Ganjar mendengar kabar bahwa Fajar yang merupakan kader PDI-P itu hidup serba kekurangan. Rumah Fajar jauh dari kata layak. Ganjar kemudian memberikan dan menawarkan sejumlah bantuan saat itu.

Namun, beberapa hari setelah kunjungan Ganjar, Fajar berencana mengembalikan bantuan dari gubernur. Fajar yang merupakan kader PDI-P asal Kabupaten Temanggung, Jawa Tengah dan juga Wakil Ketua Pimpinan Anak Cabang (PAC) PDI-P Kecamatan Temanggung, itu tidak ingin kondisi kemiskinan dirinya dan keluarga merendahkan martabat partai. Dia juga mengaku tidak rela menjadi obyek pencitraan yang diduga dilakukan Ganjar.

Dari kejadian ini saya kira ada beberapa hal yang menyebabkan bantuan Ganjar akan dikembalikan. Pertama, Fajar yang merupakan kader PDIP merupakan orang yang cukup idealis. Dia sosok orang yang tidak mudah menerima bantuan orang lain walaupun sebenarnya dirinya pun memerlukannya. Orang seperti ini di jaman sekarang cukup langka dan sangat antik, sehingga perlu dilestarikan alias diapresiasi.

Kedua, Fajar merasa bahwa Ganjar benar-benar hanya sedang melakukan pencitraan. Bukan benar-benar mempunyai niat membantu. Karena kejadian Ganjar memberikan bantuan kepadanya ada di channel Youtube.

Anggapan Fajar bisa saja Ganjar memberikan bantuan hanya untuk konten belaka, tidak benar-benar ikhlas ingin membantu.

Ketiga, Fajar merupakan orang yang pro Puan Maharani. Sehingga dia merasa tidak enak jika bantuan Ganjar dia terima. Jika bantuannya datang dari pihak Puan Maharani mungkin lain ceritanya.

Keempat, sepertinya Fajar merasa tersinggung. Fajar tidak menyangka jika video kunjungan tersebut bakal diunggah di YouTube pribadi Ganjar. Dia menjadi kesal karena video itu diberi judul 'RUMAH REYOT KADER PDI PERJUANGAN DI TANAH BENGKOK'.

Fajar merasa tersinggung, karena judul video tersebut mencantumkan nama partainya. Dia merasa dirinya mencoreng nama baik PDIP. Jika judulnya tidak ada nama PDI Perjuangan mungkin Fajar akan menerimanya.
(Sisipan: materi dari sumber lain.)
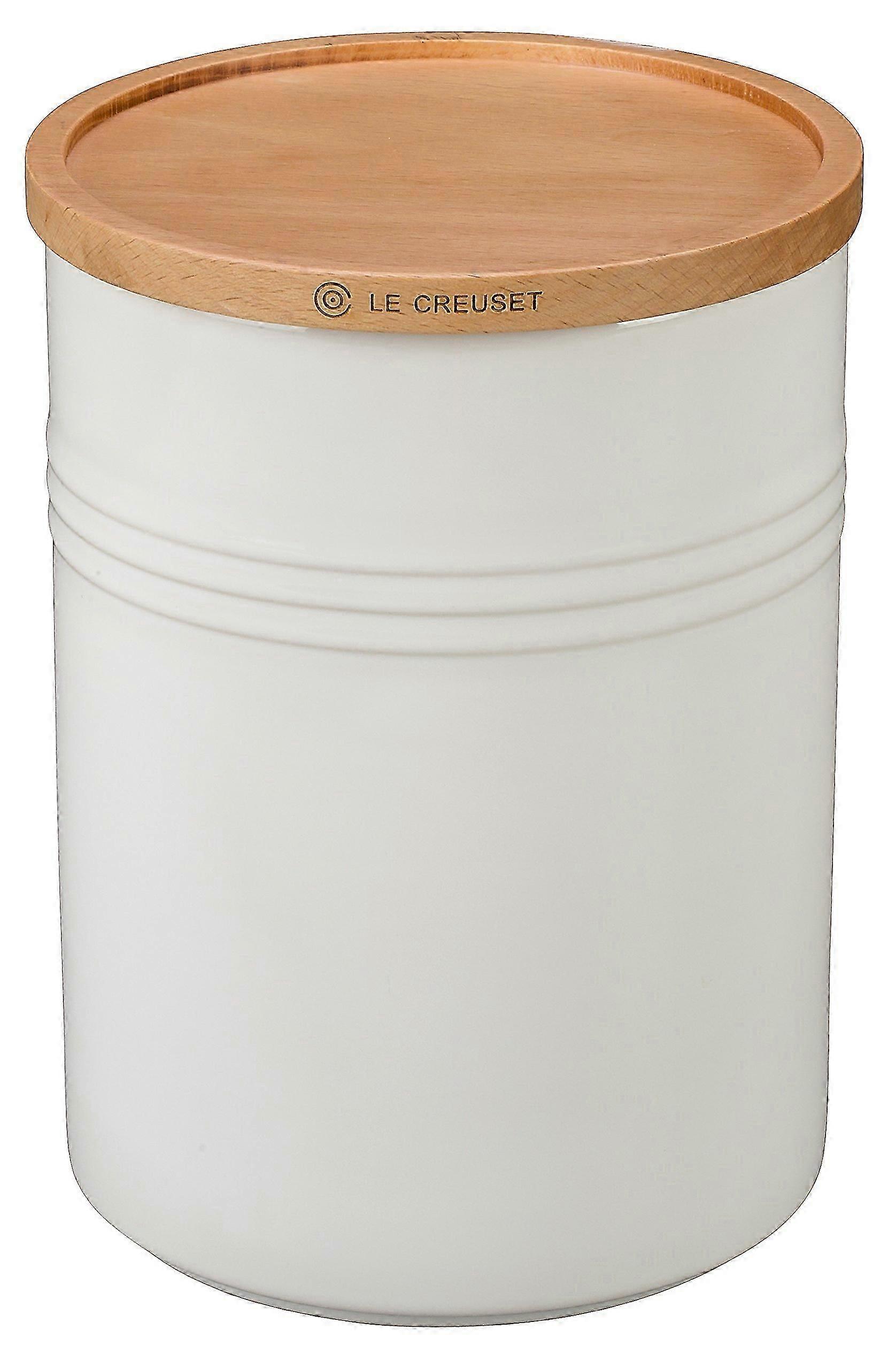 Stoare Canister with Wood Lid 22 Oz White Storage Container 4 Inch Diameter

Saya rasa admin channel Youtube Ganjar Pranowo harus diberikan edukasi. Sehingga dalam pengelolaan channel youtubenya lebih berhati-hati. Karena unggahan video tersebut sangat berkaitan dengan partai politik.
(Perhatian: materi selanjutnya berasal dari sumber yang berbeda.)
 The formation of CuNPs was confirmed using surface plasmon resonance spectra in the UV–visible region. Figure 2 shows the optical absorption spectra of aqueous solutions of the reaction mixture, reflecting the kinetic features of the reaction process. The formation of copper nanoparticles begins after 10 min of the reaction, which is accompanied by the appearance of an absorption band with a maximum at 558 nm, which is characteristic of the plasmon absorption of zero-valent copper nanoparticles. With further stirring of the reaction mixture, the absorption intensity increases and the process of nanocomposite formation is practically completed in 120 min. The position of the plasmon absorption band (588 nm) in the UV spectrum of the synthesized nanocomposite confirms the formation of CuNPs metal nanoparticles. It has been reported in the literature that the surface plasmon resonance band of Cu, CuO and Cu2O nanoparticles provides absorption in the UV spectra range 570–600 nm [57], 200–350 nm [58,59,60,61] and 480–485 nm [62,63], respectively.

Masalah ini jadi sensitif karena Ganjar merupakan salah satu kader PDIP yang merupakan kandidat kuat Capres. Tetapi di internal PDIP sendiri, Ganjar Pranowo seolah diabaikan. PDIP lebih memilih Puan Maharani yang merupakan putri mahkota sebagai kandidat Capres 2024. Padahal popularitas dan elektabilitas Puan sangat jauh daripada Ganjar Pranowo.